После начала войны Савинков стал большим сторонником «войны до победного конца», работал военным журналистом во Франции, а после Февральского переворота вернулся в Россию. Формально он являлся эсером, но взгляды имел откровенно кадетские. И уж понятно, что бывший террорист ни в коей мере не являлся сторонником демократии.
В конце концов Савинков стал комиссаром на Юго-Западном фронте. Он был сторонником жесткого наведения порядка в армии. Он и Максимилиан Филоненко, правый эсер и правительственный комиссар при 8-й армии, а впоследствии комиссар при Генеральном штабе, тоже обратили внимание на Корнилова…
Завязка
8 июля Корнилов стал командующим Юго-Западным фронтом, и есть версия, что эту идею «пробил» именно Савинков. Прежде всего новый командующий потребовал восстановления смертной казни на фронте и, уже самостоятельно, приказал применять пулеметы и артиллерию против отступавших без приказа частей. Керенский был не против. 9 июля он издал приказ: всем командирам открывать огонь по воинским частям, отступающим без официального распоряжения[43].
16 июля, после смещения Брусилова, Корнилов стал Главнокомандующим.
Все бы хорошо, но тут сказалось полное отсутствие у генерала политического таланта. Будучи лицом подчиненным, он принялся давить на правительство. Он и его сторонники среди генералитета (например, генерал А. И. Деникин) постоянно резко критикуют Керенского. Кроме того, Корнилов потребовал полной независимости от правительства. А вот это уже интересная заявочка. Армия, сама себе ставящая стратегические цели, — это либо абсурд, либо… претензия на верховную власть в стране. Может быть, Корнилов этого и не понимал, но его советники понимали точно.
Апофеоз наступил 10 августа, когда Корнилов представил свои предложения правительству, которые очень интересно отредактировал Филоненко.
«Не довольствуясь лишь переложением документа на дипломатический язык, он вставил некоторые обширные рекомендации относительно жесткого контроля над железными дорогами и промышленными предприятиями. Так, например, он вписал дополнительный абзац о переводе всех железных дорог на военное положение. Невыполнение железнодорожниками распоряжений наказывалось так же, как и отказ солдата на фронте подчиниться приказу, т. е., как правило, смертной казнью.

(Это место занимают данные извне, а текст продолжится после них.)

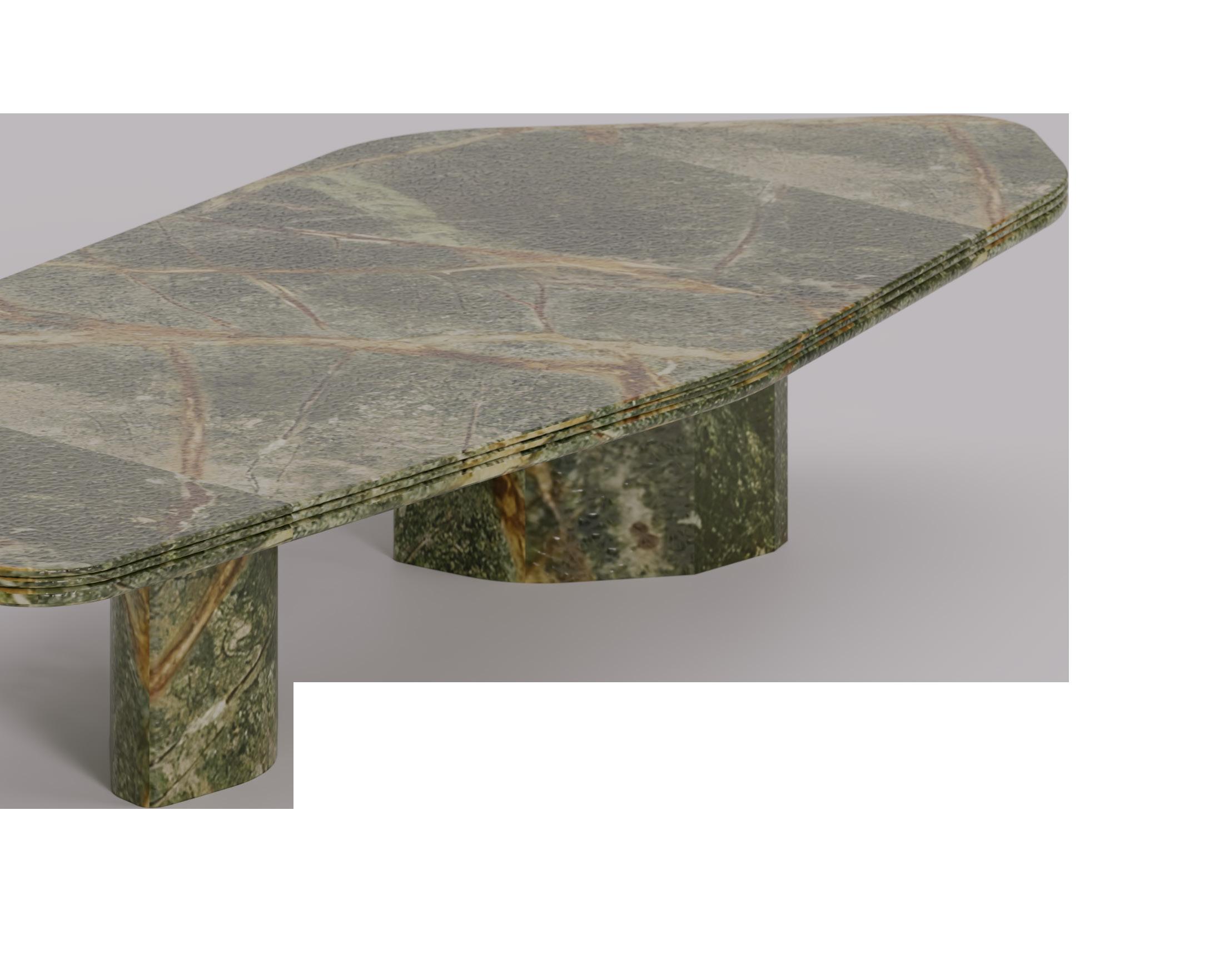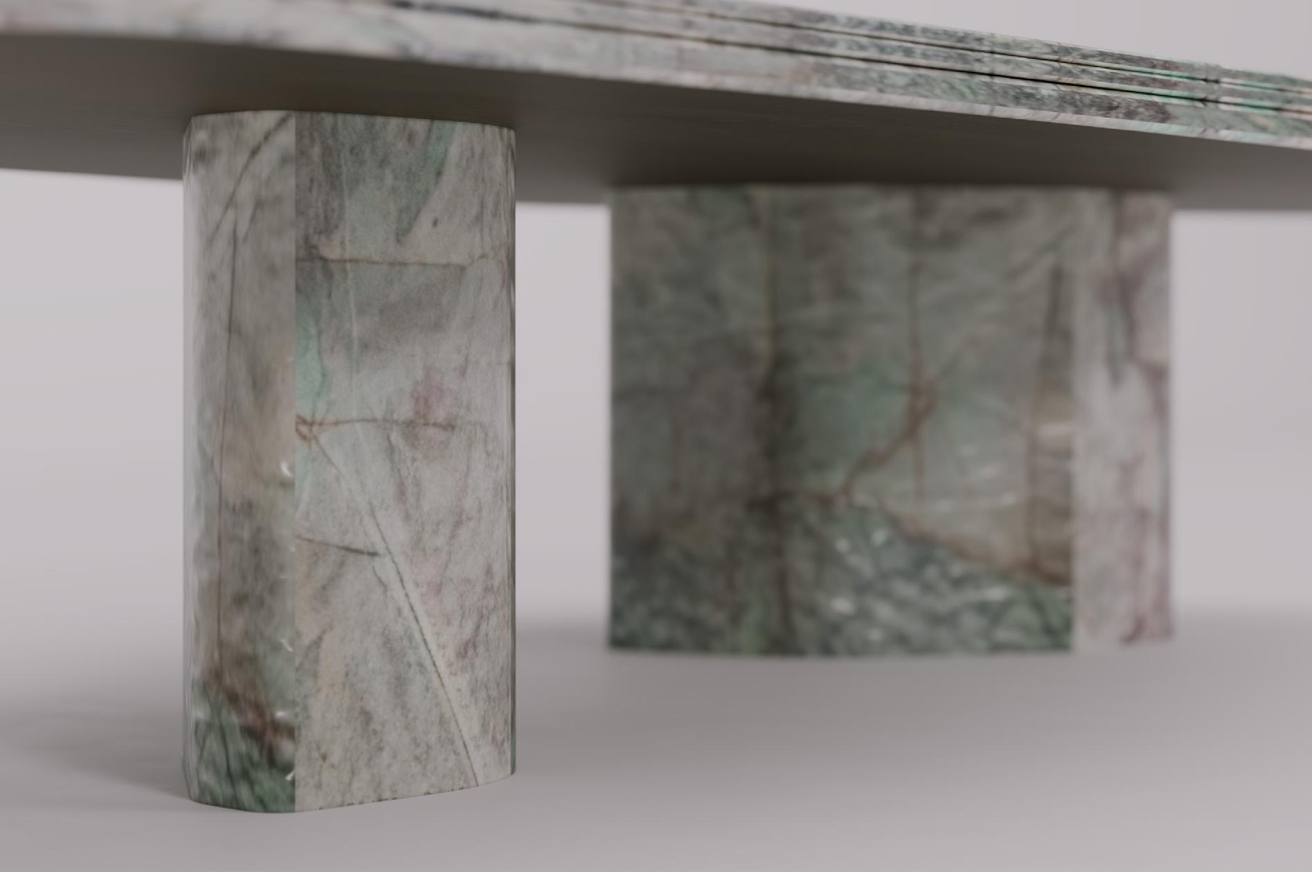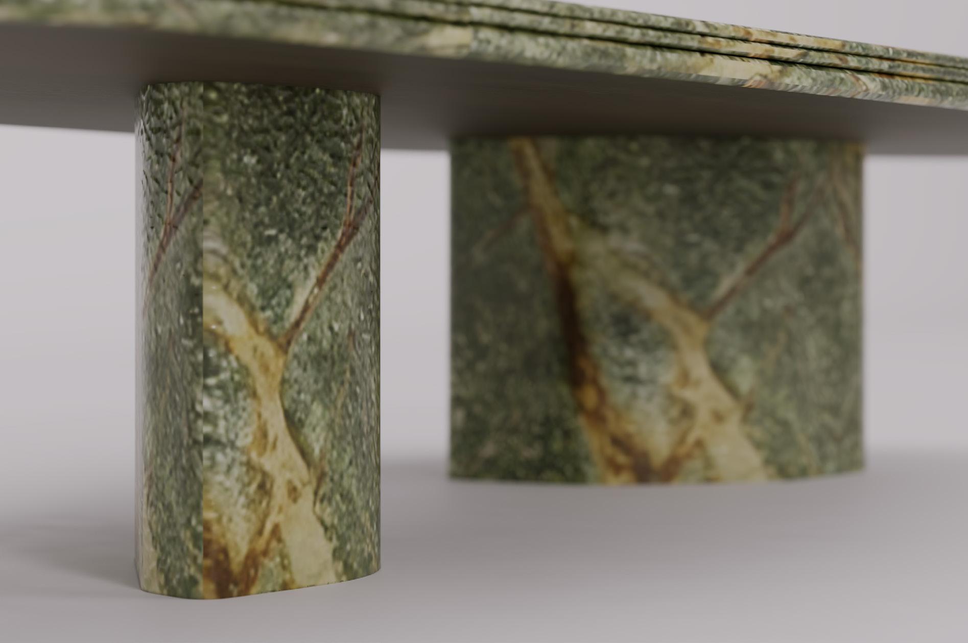Crafted entirely from exquisite Botanical Green marble, this table is a statement of natural luxury. Its seamless monolithic form is achieved through precision stone cutting and expert assembly, with an internal reinforcement system ensuring exceptional strength and stability. The rich green tones and distinctive veining make each piece unique, while the refined finish, honed finish, nhances its tactile beauty.
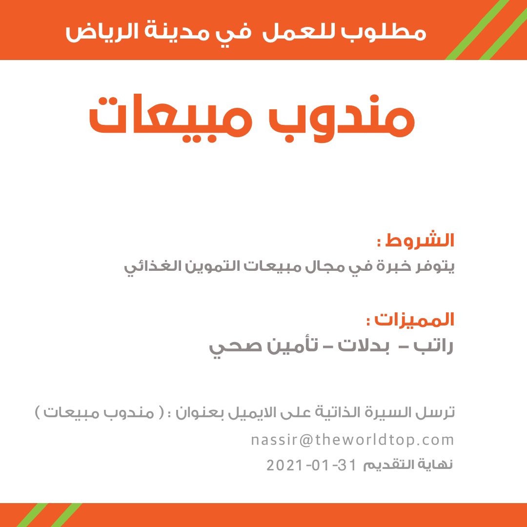 2021-01-11تعلن (شركة سقف العالم المحدودة) عبر حسابها (تويتر) عن توفر وظائف شاغرة بمسمى ( مندوب مبيعات ) للعمل في (الرياض)، واشترطت ان يكون المتقدم سعودي الجنسية، وذلك وفقاً للتفاصيل والشروط الآتية.
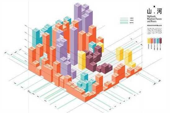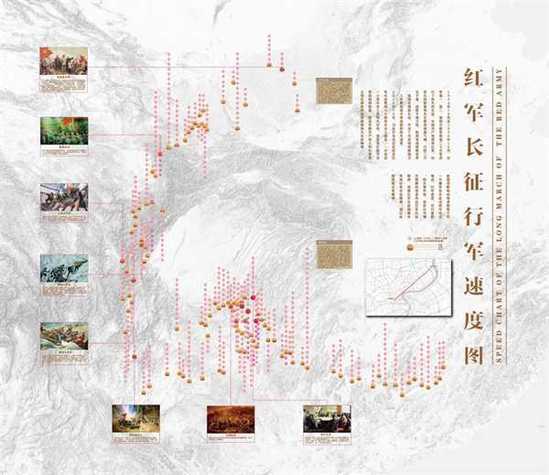 作品《红军长征行军速度图》和《红军长征所历经的高山河流》就把长征路程上人们难以想象的种种困难,用可视化数据清晰地揭示出来。地图上,黄色的圆点代表当天行军到达的地点,并标明停留的日期。圆点上方的每一个粉色小圆点代表10公里的里程,有时候为了强行军,战士们要忍受饥寒,在崎岖的道路上一天一夜行走一百多公里。况且,长征的旅程经过的大部分地区自然条件都十分艰苦,这些高原、雪山相比于我们熟悉的风景名胜,海拔要远远高得多。这些数据的图形化展现,更容易让观众建立直观的想象,体会先辈们革命精神的顽强和伟大。
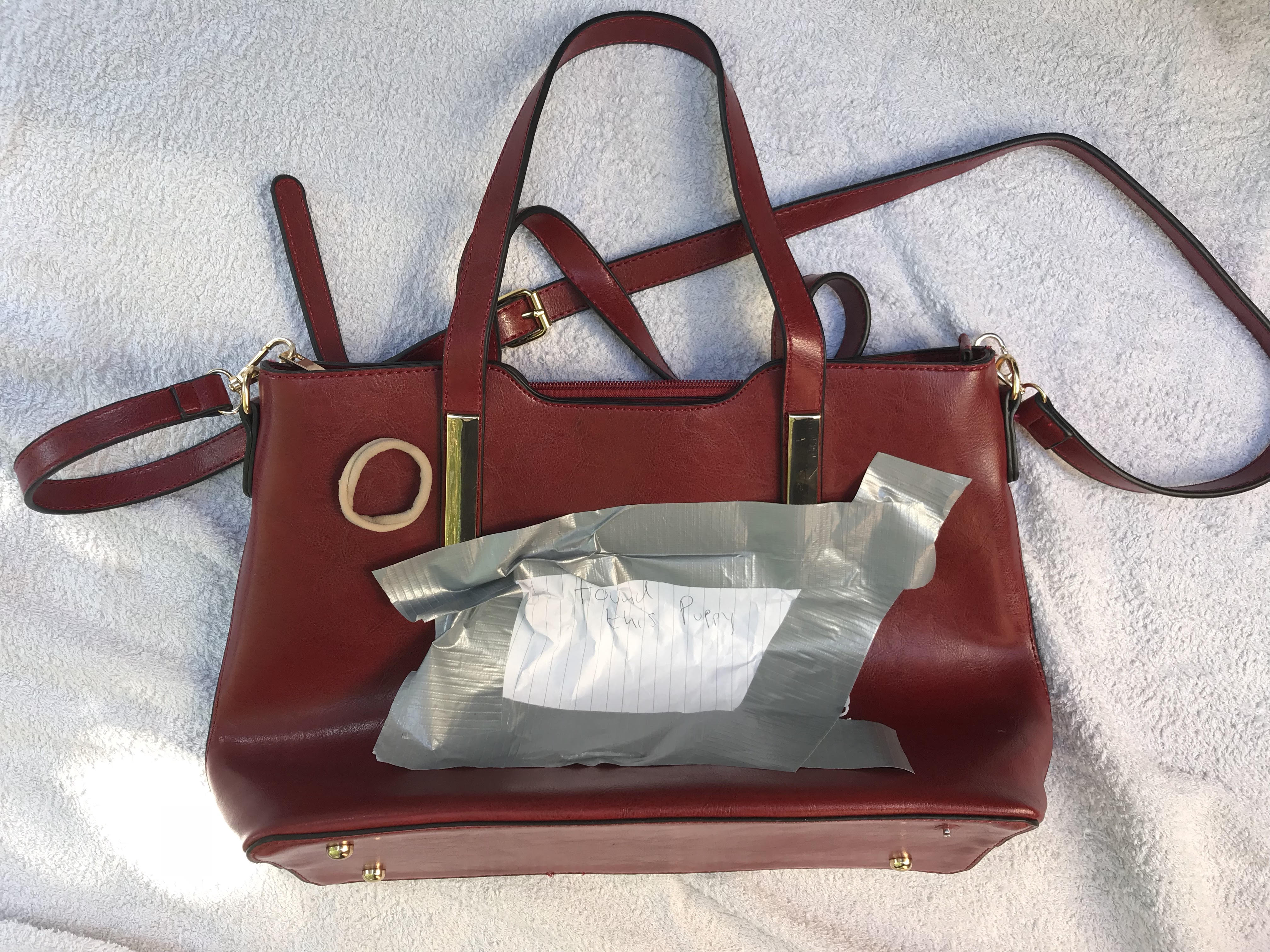 RSPCA Inspector Phil Norman, who is investigating, said: “We received a call from a woman who’d found a little puppy in a red handbag fastened to the door handle of a charity shop in The Broadway, Greenford.
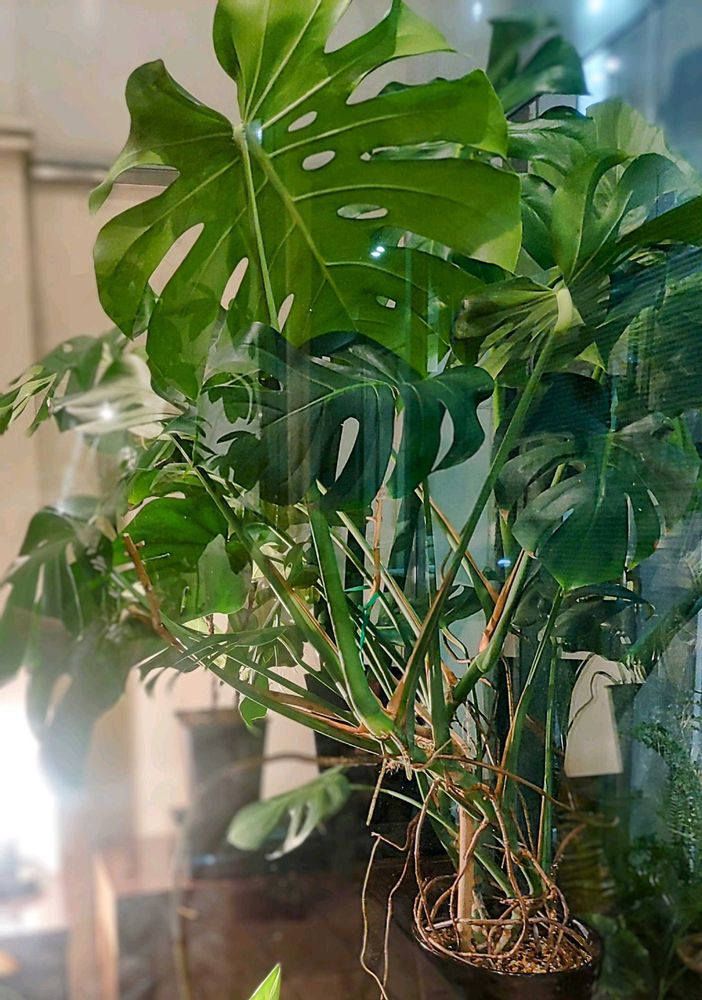 モンステラ くるくるしててもほんのちょっとの隙見てひん曲がります…😓家のも仕立て直そうと切ってた気根も別の場所から伸びた気根に追い越され 花火のナイアガラ状態です…
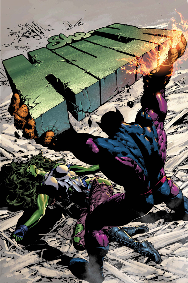 Okay, we know that Jazinda, She-Hulk's fellow bounty hunting partner, claims she's not part of the alien invasion...but can you ever trust a Skrull? Especially one that's the daughter of the infamous Super-Skrull? Months of accusations and mistrust come to a boil as our gamma-powered glamazon leaps into this year's biggest event!
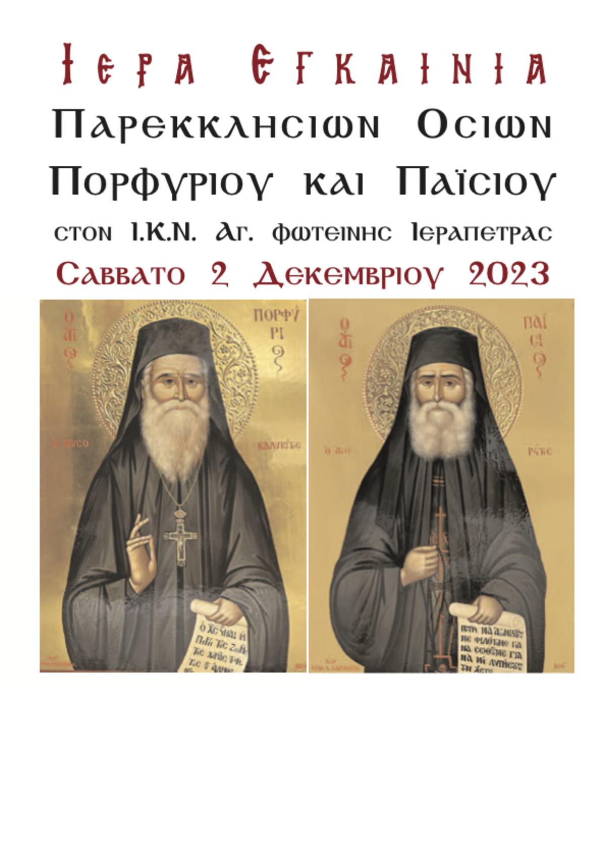 Το Σάββατο 2 Δεκεμβρίου 2023, εορτή του Οσίου και Θεοφόρου Πατρός ημών Πορφυρίου του Καυσοκαλυβίτου, ο Σεβ. Μητροπολίτης Ιεραπύτνης και Σητείας κ. ΚΥΡΙΛΛΟΣ θα τελέσει τα Ιερά Εγκαίνια των Παρεκκλησίων επ᾽ ονόματι των Οσίων Πορφυρίου του Καυσοκαλυβίτου και Παϊσίου του Αγιορείτου, του Ιερού Ναού Οσίου Νίκωνος (ισόγειο Ιερού Καθεδρικού Ναού Αγίας Φωτεινής Ιεράπετρας).

Для осуществления этих мер предлагалось на всех главных железнодорожных станциях учредить военно-революционные суды. В другом добавленном Филоненко абзаце предлагалось объявить на военном положении все заводы, работавшие на оборону, а также угольные копи (практически в данную категорию можно было включить почти все предприятия). На них следовало временно запретить всякие стачки, локауты, политические собрания и фактически организации любого рода. Рабочим и служащим определялись обязательные минимальные нормы выработки, при невыполнении которых виновные немедленно увольнялись и отправлялись на фронт. 'Указанные мероприятия, — писал Филоненко в конце переработанного проекта, — должны быть проведены в жизнь немедленно с железной решимостью и последовательностью'».
(А. Рабинович)
Эта программа, вообще-то, была совершенно невыполнима по тем временам. Для ее реализации надо иметь, во-первых, мощную структуру типа НКВД или гестапо, а во-вторых, массовую поддержку. Первая создается годами. Второго не было и быть не могло. Корнилов задел не только большевиков, а гораздо более влиятельных людей — профсоюзы. И прежде всего — могущественный профсоюз железнодорожников — ВИКЖЕЛЬ. А вот этого делать явно не стоило.
На так называемом Московского государственном совещании, проходившем с 12 по 14 августа, атаман Каледин фактически повторил программу Корнилова.
В ответ Московский комитет большевиков призвал рабочих к забастовке. Московский Совет идею не поддержал — однако забастовка состоялась. Закрылись рестораны и кофейни, перестали ходить трамваи, почти не было извозчиков. Забастовали даже работники буфета в Большом театре, где проходило совещание. Самое эффектное, что к стачке присоединились работники газовых предприятий — и вся Белокаменная погрузилась во мрак.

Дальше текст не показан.